The two images used in this example are of Venus taken by Eliot Young and Mark Bullock on 7/13/04 with the NASA Infrared Telescope Facility on Mauna Kea, Hawaii. Each image is a composite of several raw images which have been preprocessed, aligned, stacked, averaged, sharpened, enlarged, and masked by me using custom software. They are about 1h13m apart. The steps required to create each of these composite images are shown here.

You can use the 'Image Scale' buttons and fields to adjust the brightness of the image displayed in the plot window. To change the maximum and minimum brightness settings, type a new value into the field and press 'enter'. These settings only affect the image if the scale mode is set to 'manual'. Changes to the image scale have an immediate effect.

FITSFlow Settings

The settings which contribute to the creation and display of a vector flow field are:

Grid: The X and Y grid spacing in pixels.

Domain: The size, in pixels, of the rectangular regions in the first
    image that are used to look for matches in the second image.  Each
    domain is centered on a grid point.
       
Range: The size, in pixels, of the rectangular regions in the second
    image that are searched for occurrences of the domains/templates
    from the first image.
      
Range offset: The distance in pixels from each grid point to the
    center of the domain.

NOTE: After changing the grid, domain, or range settings, press the
    'Refresh' button to redraw the flow element geometry in the small
    figure at right.  Domains and ranges need not be concentric.  Here
    is an example of a range offset from its domain and grid point:

    By using rectangular domains and ranges, and a range offset, you 
    can control where FITSFlow searches for matches between images.

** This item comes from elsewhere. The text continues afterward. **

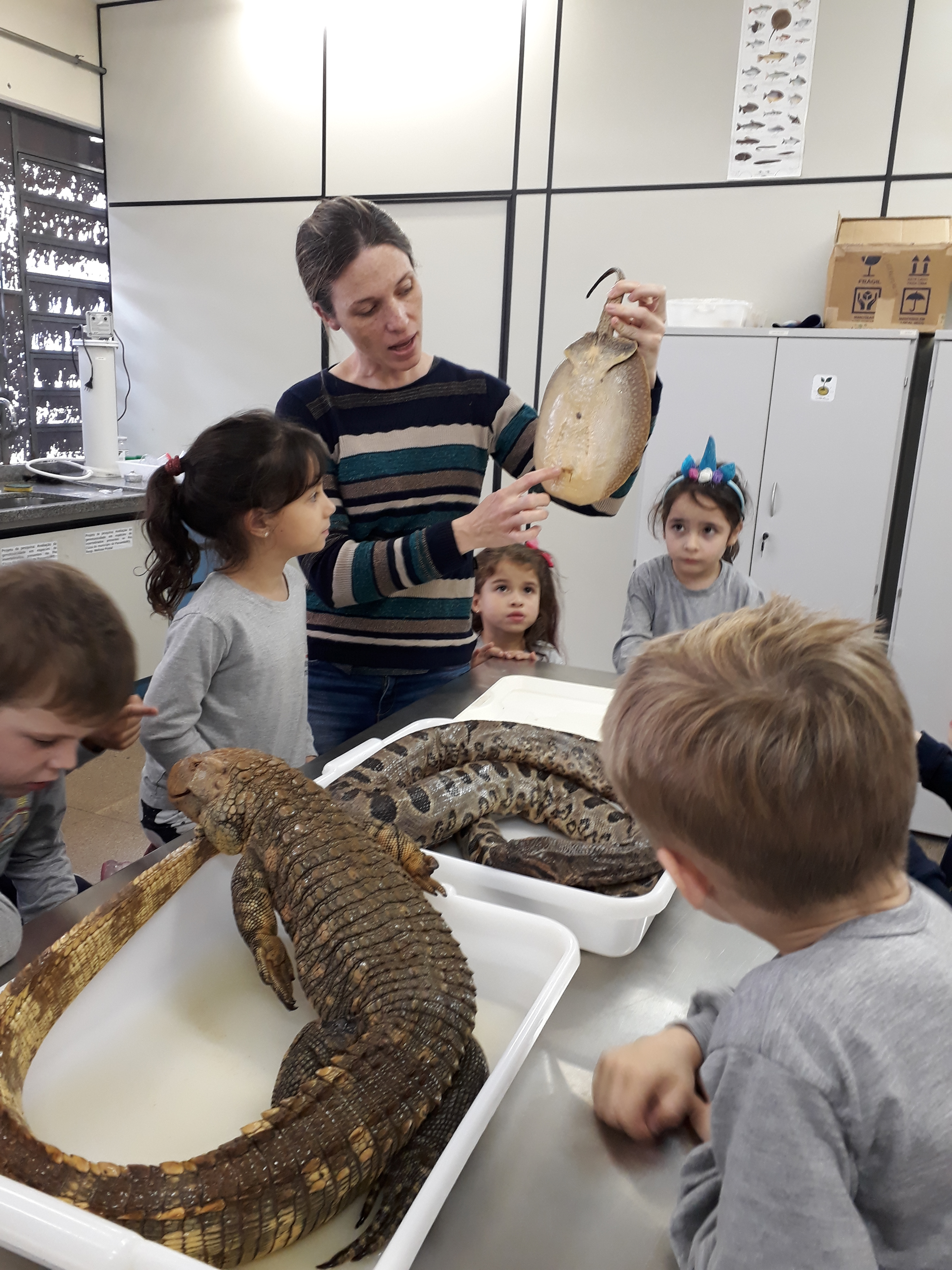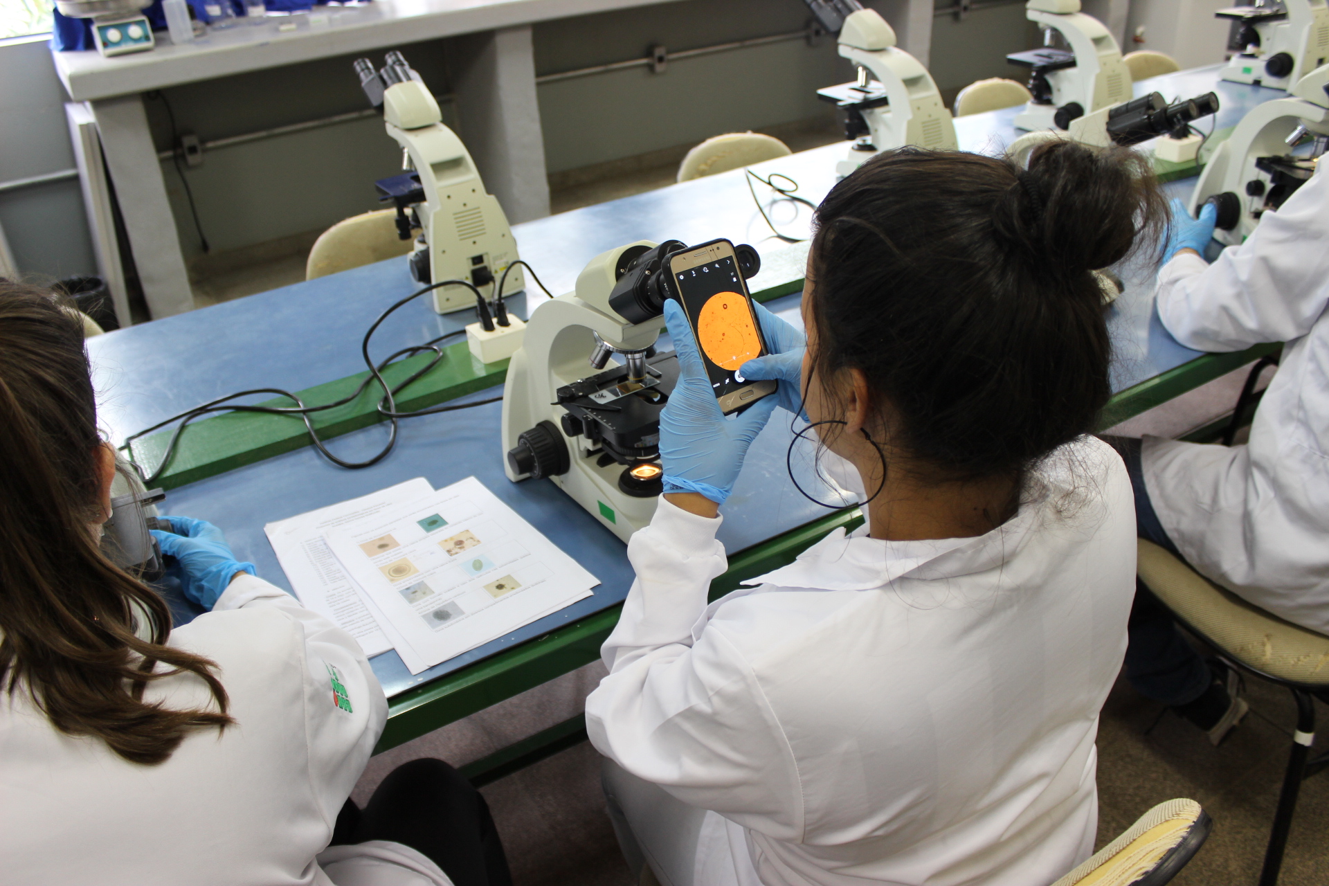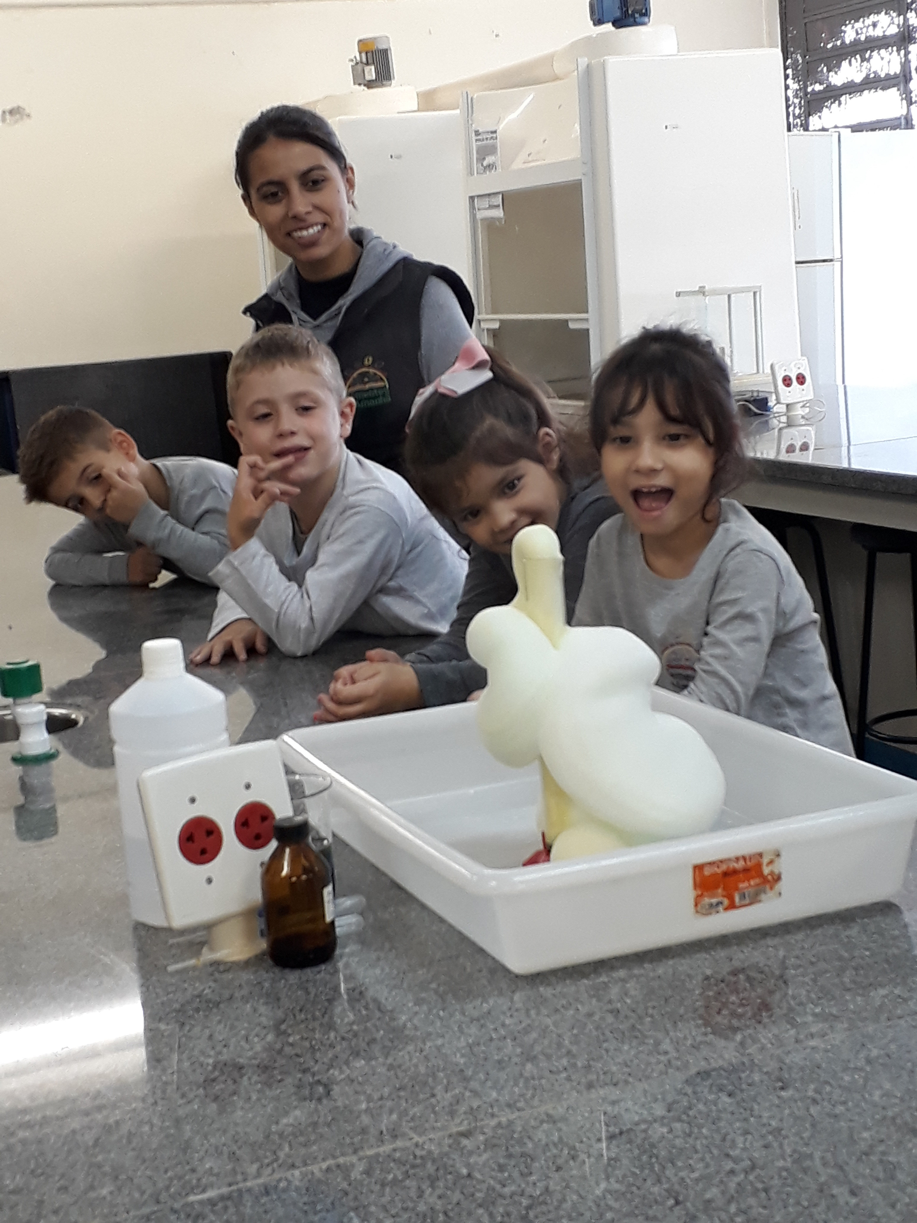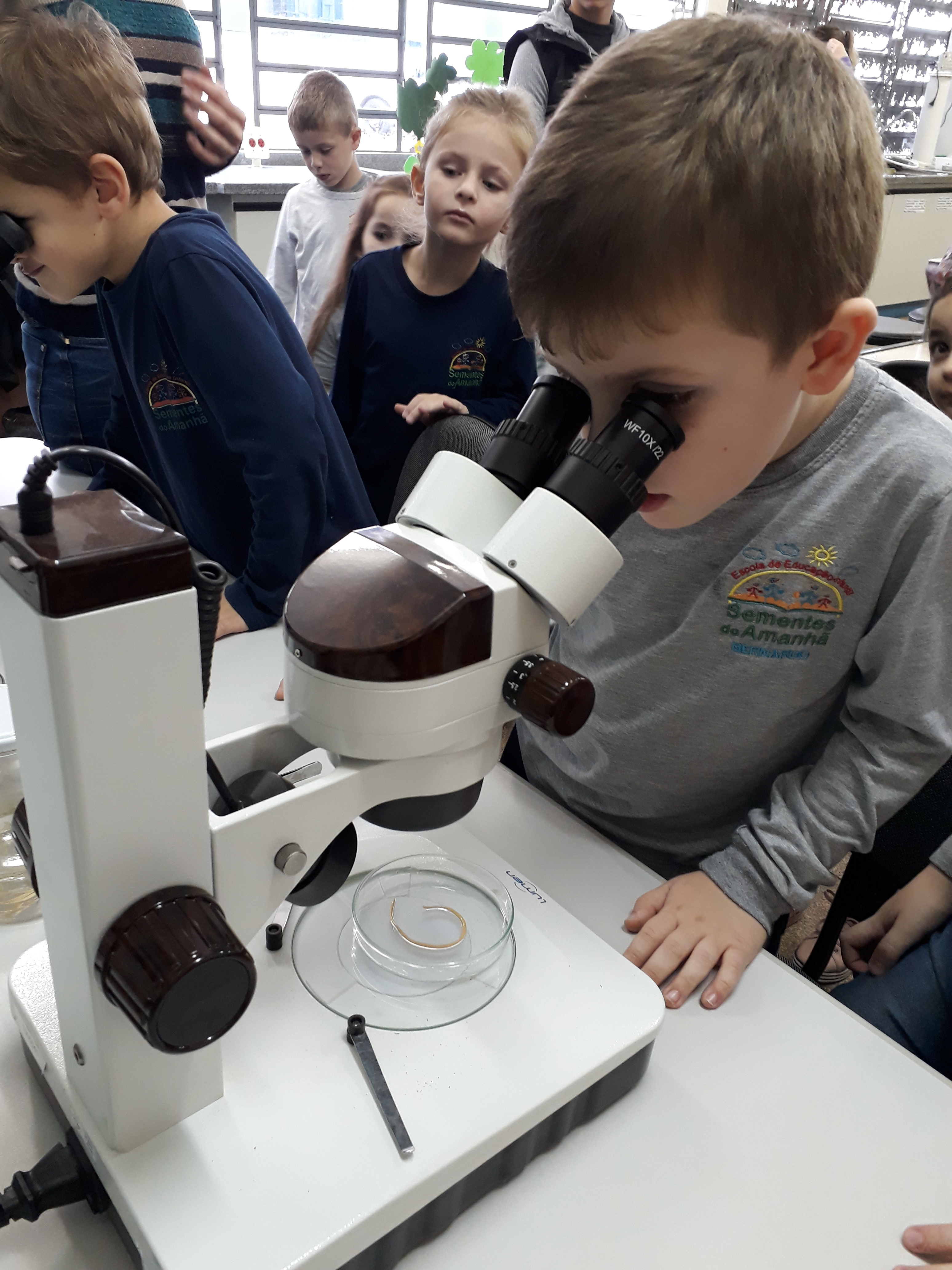 “Como o projeto também fala de higiene, fizemos cultura de bactérias das mãos, pés, maçaneta, banheiros e celulares para mostrar o crescimento das mesmas. Por meio do uso do microscópio, os/as pequenos/as puderem "enxergar as bactérias" e, com isso, ficaram com “medo”. Assim, passarão a adotar mais hábitos de higiene”, pontua Aline.

Plot flow only: Plot only the estimated flow vector at each grid
    point.

Plot everything: In addition, plot the domain and range rectangles, and
    all candidate flow vectors (local maxima of cross correlation
    surface).

Labels: Show/hide text information in the plot.
     
Vector length: Multiply the length of each flow vector by this value
    in the plot.  This value can be a real number >, =, or < 1.
               
Vector offset: Add these values to every vector before plotting. 
    These can be used to remove an average vector value from the plot.
               
Vector scale and vector max: Sets the maximum value of vector
    magnitude in the color bar.

Clip to max: Clips all vectors longer than the manual maximum
    magnitude.
              
NOTE: After changing any of the plot/vector settings, press the
    'Refresh' button to redraw the plot.

Neighborhood: The radius, in pixels, around each grid point which is
    used to select additional flow elements to iterate the flow by the
    procedure described below.  In order to use the iterated method,
    you must ensure that the neighborhood radius is at least as large,
    or larger, than the grid spacing.
              
Sigma: The difference, in pixels, between a candidate flow and another
    flow in its surrounding neighborhood, for which the vector
    correlation coefficient weight falls to 1/e.  This setting
    determines how fast the iteration changes the flow field.  A
    larger value of sigma will change the flow a smaller amount each
    iteration.
       
Resolution: The resolution, in pixels, of the resulting vectors.  Note
    that performing a flow estimation to a resolution of less than
    one pixel will require considerably more time and memory than
    integer resolution, depending on your other settings.  In general,
    it is not suggested that you use a resolution of less than 1/8
    pixel.
      
Postprocess: After flow calculation, perform statistics on the
    neighborhood of each grid point and replace flows which are
    outside of the given threshold (in standard deviations) with the
    mean for the neighborhood.  Note that this can change the result
    to a vector which is not one of the actual flow candidates.
            
Thresh: Threshold in standard deviations for vector substitution.

FITSFlow Controls

The control butons are:

Reset: Stop computations, discard all calculations, and redraw the
    image.

Run: Reset the calculations and perform an initial estimation of the
    flow using the method described below.  After the initial
    estimation, perform additional iterations on the flow if the
    'iterations' field is > 0.  Perform post processing on the flow if
    the 'postprocess' button is checked.
    
    NOTE: The 'run' button always performs a reset before starting 
    calculations.
    
Step: After a flow has been estimated, perform additional iterations
    and display the results, if the 'iterations' field is > 0. 
    Perform post processing on the flow if the 'postprocess' button is
    checked.
     
Stop: Stop computations, but do not discard calculations or redraw the
    plot.  This button is intended primarily as a way to exit the
    thread performing the calculations, if they appear to be taking
    too long.
     
Refresh: Redraw the plot using the new values of the plot settings
    above.

NOTE: There is currently a thread synchronization problem which may not 
    cause the plot window to be redrawn at the end of a run.  It is 
    probably best to manually refresh the plot after each run if there 
    is any doubt about the display.

The 'neighborhood', 'sigma', 'resolution', 'postprocess', and 'thresh' settings only take effect when the 'Run' or 'Step' button is clicked. The image file and scale settings take effect immediately. All other settings take effect when the 'Refresh' button is clicked.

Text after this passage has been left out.